Technical information
- Licensing authority: FCC
- Facility ID: 72452
- Class: B
- Power: 1,000 watts
- Transmitter coordinates: 18°20′32″N 66°25′58″W﻿ / ﻿18.34222°N 66.43278°W
- Translator: 105.1 W286DL (Aguadilla)

Links
- Public license information: Public file; LMS;
- Website: www.waparadio.com

= WBQN =

News and talk radio station in Puerto Rico

WBQN (1580 AM), branded on-air as Radio Borinquen is a radio station broadcasting a news talk format. Licensed to Aguadilla, Puerto Rico, it serves the Western Puerto Rico area. The station is part of the WAPA Radio News Network and it is currently owned by NotiRadio Broadcasting, LLC, managed by Wifredo G. Blanco-Pi. The station is shared with translator station W286DL 105.1 FM also in Aguadilla.

==History==
WBQN (as WCQC) was founded in 1981 by Cuban station engineer Wifredo G. Blanco-Pi. The station was originally licensed to Morovis, Puerto Rico and It was the first station nationwide to operate an experimental synchronous booster at Manati, P.R. in 1987. Blanco-Pi had to sell the station in 1991 to acquire WAPA 680 AM in order to expand the NotiRadio Network. The experience he acquired with WCQC's experimental synchronous booster made him possible to expand the NotiRadio network using this technology.

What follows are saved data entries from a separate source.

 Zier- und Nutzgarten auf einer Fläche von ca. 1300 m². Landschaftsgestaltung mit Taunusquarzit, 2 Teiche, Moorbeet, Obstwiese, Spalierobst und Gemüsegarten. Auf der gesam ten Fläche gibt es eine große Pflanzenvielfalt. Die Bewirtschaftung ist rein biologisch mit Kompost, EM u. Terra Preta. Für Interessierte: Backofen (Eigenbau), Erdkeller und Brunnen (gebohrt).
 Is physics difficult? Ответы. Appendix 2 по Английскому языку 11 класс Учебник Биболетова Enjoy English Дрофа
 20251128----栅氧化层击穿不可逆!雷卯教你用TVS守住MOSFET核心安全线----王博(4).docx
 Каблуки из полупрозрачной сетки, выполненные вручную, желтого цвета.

===Sale to International Broadcasting Corporation===
In 1988, WCQC was sold to International Broadcasting Corporation, changing the call sign to WMTI and would become a full service radio station. In 1994, the station changed to WGFE, branded as Radio G-FE, later switched back to WMTI. In 1996, WMTI was sold to Wanda Rolon, and broadcasts religious programming. 2 years later, in 1998 the station was sold back to the previous owner, International Broadcasting Corporation, joining the Cadena Radio Voz network. In 2003, the station once again changed its call letters to WEKO, and would become Radio Eko, focusing on a local basis. In 2014, WEKO started religious programming from Faro de Santidad and in 2015, the WMTI callsign returned on the 1580 AM dial. On June 22, 2016, WMTI went silent due to transmitter repairs and technical reasons.

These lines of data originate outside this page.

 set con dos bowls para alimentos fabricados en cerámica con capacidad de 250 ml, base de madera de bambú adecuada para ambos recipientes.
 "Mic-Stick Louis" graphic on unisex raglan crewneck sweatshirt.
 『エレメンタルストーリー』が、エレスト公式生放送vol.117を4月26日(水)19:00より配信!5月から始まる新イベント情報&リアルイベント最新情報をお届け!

===WAPA Radio returns to 1580 AM===
Blanco-Pi purchased WMTI on August 1, 2016, the day that WMTI was silent, preparing its return to the WAPA Radio News Network. On November 11, the station changed its callsign to WVOZ. On March 13, 2017, after 1 year off the air, WVOZ resumed operations from its new transmitter in Morovis, broadcasting the full WAPA Radio News Network schedule.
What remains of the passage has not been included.